### Records to use
———

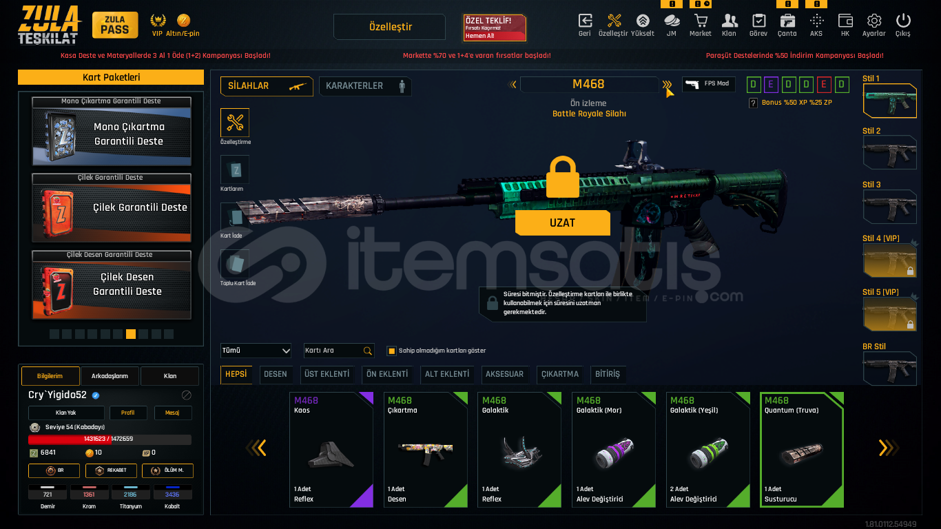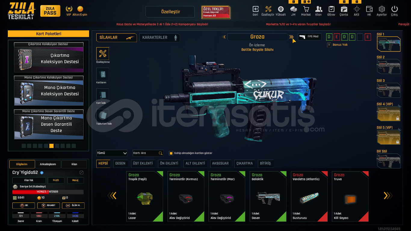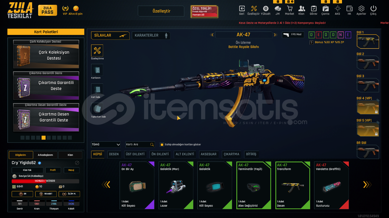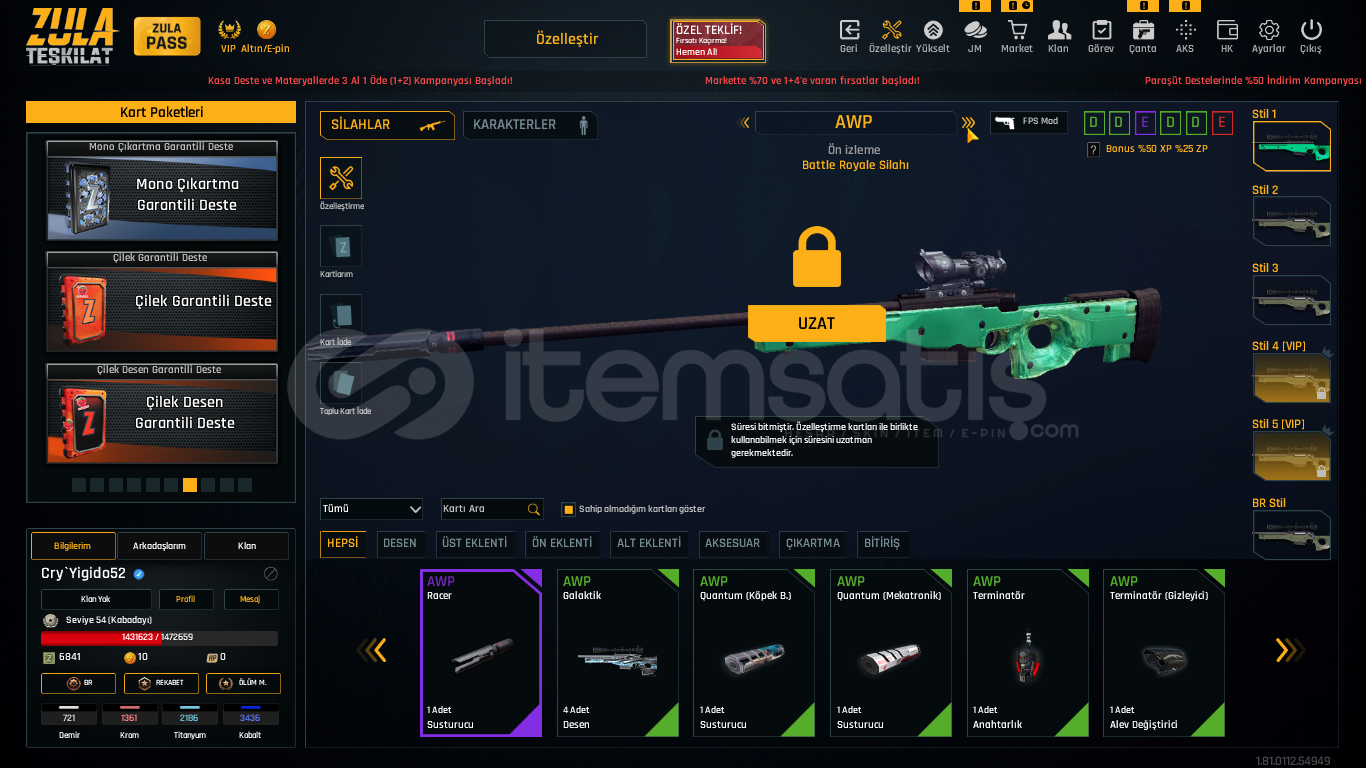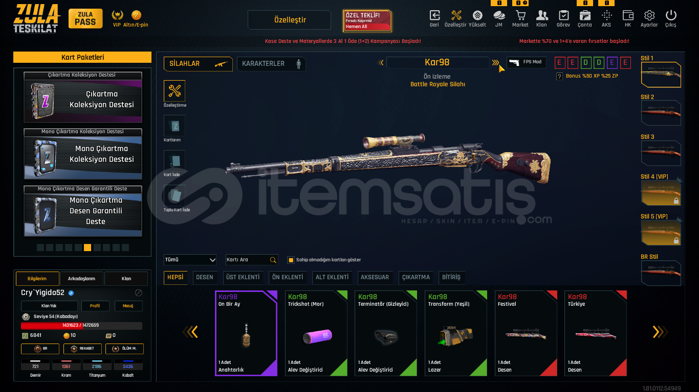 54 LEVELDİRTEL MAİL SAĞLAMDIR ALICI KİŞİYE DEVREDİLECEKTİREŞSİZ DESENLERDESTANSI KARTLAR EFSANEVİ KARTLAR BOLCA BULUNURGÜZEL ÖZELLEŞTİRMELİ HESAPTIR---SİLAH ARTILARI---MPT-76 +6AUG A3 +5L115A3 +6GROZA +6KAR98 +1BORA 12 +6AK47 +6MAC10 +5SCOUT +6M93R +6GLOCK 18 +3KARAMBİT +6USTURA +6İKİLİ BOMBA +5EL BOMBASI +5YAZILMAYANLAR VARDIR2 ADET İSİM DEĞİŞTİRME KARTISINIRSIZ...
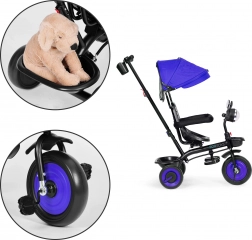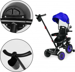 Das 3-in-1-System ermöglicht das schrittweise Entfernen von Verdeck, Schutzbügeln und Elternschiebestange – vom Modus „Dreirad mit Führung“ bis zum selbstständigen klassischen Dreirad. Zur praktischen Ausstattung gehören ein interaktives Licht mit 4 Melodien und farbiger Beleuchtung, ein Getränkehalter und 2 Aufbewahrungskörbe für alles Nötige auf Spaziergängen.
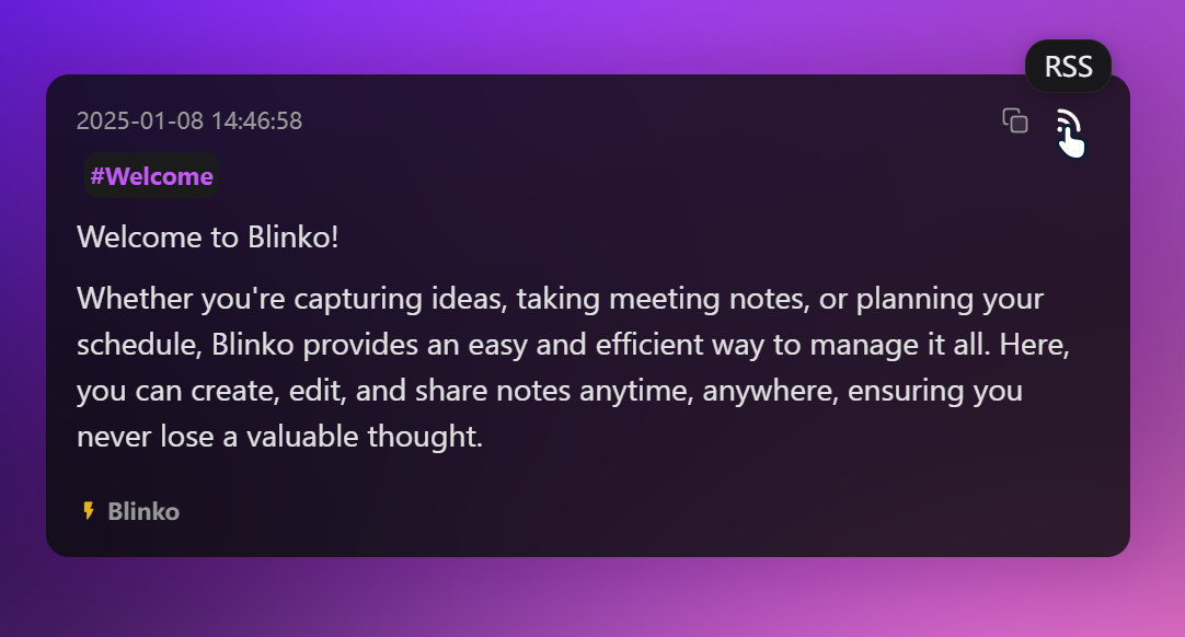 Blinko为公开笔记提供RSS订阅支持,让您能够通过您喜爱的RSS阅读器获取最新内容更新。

———

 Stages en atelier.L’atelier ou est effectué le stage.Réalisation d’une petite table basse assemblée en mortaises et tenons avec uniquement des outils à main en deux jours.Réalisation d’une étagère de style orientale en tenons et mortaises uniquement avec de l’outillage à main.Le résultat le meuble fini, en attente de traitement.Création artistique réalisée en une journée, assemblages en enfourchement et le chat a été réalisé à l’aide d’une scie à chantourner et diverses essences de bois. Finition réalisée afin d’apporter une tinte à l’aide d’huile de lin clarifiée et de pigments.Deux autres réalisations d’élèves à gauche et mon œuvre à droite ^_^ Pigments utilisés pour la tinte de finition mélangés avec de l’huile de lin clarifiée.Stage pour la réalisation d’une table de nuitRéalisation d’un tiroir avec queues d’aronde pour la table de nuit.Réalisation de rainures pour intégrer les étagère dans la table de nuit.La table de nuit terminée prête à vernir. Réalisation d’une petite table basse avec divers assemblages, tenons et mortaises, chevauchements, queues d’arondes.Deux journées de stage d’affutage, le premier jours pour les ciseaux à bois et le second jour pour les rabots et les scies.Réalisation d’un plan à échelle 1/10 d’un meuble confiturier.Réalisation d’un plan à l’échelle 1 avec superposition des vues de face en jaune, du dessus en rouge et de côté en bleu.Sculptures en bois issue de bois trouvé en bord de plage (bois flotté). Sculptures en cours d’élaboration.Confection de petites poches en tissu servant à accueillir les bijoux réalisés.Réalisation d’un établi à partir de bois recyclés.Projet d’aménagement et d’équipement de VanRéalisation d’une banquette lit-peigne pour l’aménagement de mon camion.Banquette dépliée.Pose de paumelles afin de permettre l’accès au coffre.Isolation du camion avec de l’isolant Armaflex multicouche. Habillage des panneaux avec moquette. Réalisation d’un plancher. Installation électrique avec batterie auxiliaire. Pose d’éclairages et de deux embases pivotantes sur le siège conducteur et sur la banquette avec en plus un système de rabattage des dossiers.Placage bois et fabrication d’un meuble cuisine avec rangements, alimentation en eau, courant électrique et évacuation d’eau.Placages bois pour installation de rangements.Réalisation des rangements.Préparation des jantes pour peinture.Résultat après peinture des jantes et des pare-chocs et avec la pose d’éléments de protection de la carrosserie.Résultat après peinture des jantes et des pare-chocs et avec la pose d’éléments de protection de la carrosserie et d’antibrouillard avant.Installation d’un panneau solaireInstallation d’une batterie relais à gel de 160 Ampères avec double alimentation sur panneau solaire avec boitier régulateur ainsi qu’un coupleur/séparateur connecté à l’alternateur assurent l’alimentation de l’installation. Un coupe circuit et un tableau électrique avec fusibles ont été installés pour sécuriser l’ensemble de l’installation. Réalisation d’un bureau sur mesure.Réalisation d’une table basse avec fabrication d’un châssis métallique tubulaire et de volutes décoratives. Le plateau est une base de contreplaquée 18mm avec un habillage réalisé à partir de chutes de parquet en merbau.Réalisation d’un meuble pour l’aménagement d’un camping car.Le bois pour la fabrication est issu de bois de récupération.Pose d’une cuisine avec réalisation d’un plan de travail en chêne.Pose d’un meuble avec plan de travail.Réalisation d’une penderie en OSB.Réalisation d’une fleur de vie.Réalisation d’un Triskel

———

### What this task involves
Look above for the line with "54 LEVELDİRTEL MAİL"; quote it and every line after it, stopping after the line with "Blinko为公开笔记提供R", exactly, with nothing added and without pictures.

### Exercise solution
 54 LEVELDİRTEL MAİL SAĞLAMDIR ALICI KİŞİYE DEVREDİLECEKTİREŞSİZ DESENLERDESTANSI KARTLAR EFSANEVİ KARTLAR BOLCA BULUNURGÜZEL ÖZELLEŞTİRMELİ HESAPTIR---SİLAH ARTILARI---MPT-76 +6AUG A3 +5L115A3 +6GROZA +6KAR98 +1BORA 12 +6AK47 +6MAC10 +5SCOUT +6M93R +6GLOCK 18 +3KARAMBİT +6USTURA +6İKİLİ BOMBA +5EL BOMBASI +5YAZILMAYANLAR VARDIR2 ADET İSİM DEĞİŞTİRME KARTISINIRSIZ...
 Das 3-in-1-System ermöglicht das schrittweise Entfernen von Verdeck, Schutzbügeln und Elternschiebestange – vom Modus „Dreirad mit Führung“ bis zum selbstständigen klassischen Dreirad. Zur praktischen Ausstattung gehören ein interaktives Licht mit 4 Melodien und farbiger Beleuchtung, ein Getränkehalter und 2 Aufbewahrungskörbe für alles Nötige auf Spaziergängen.
 Blinko为公开笔记提供RSS订阅支持,让您能够通过您喜爱的RSS阅读器获取最新内容更新。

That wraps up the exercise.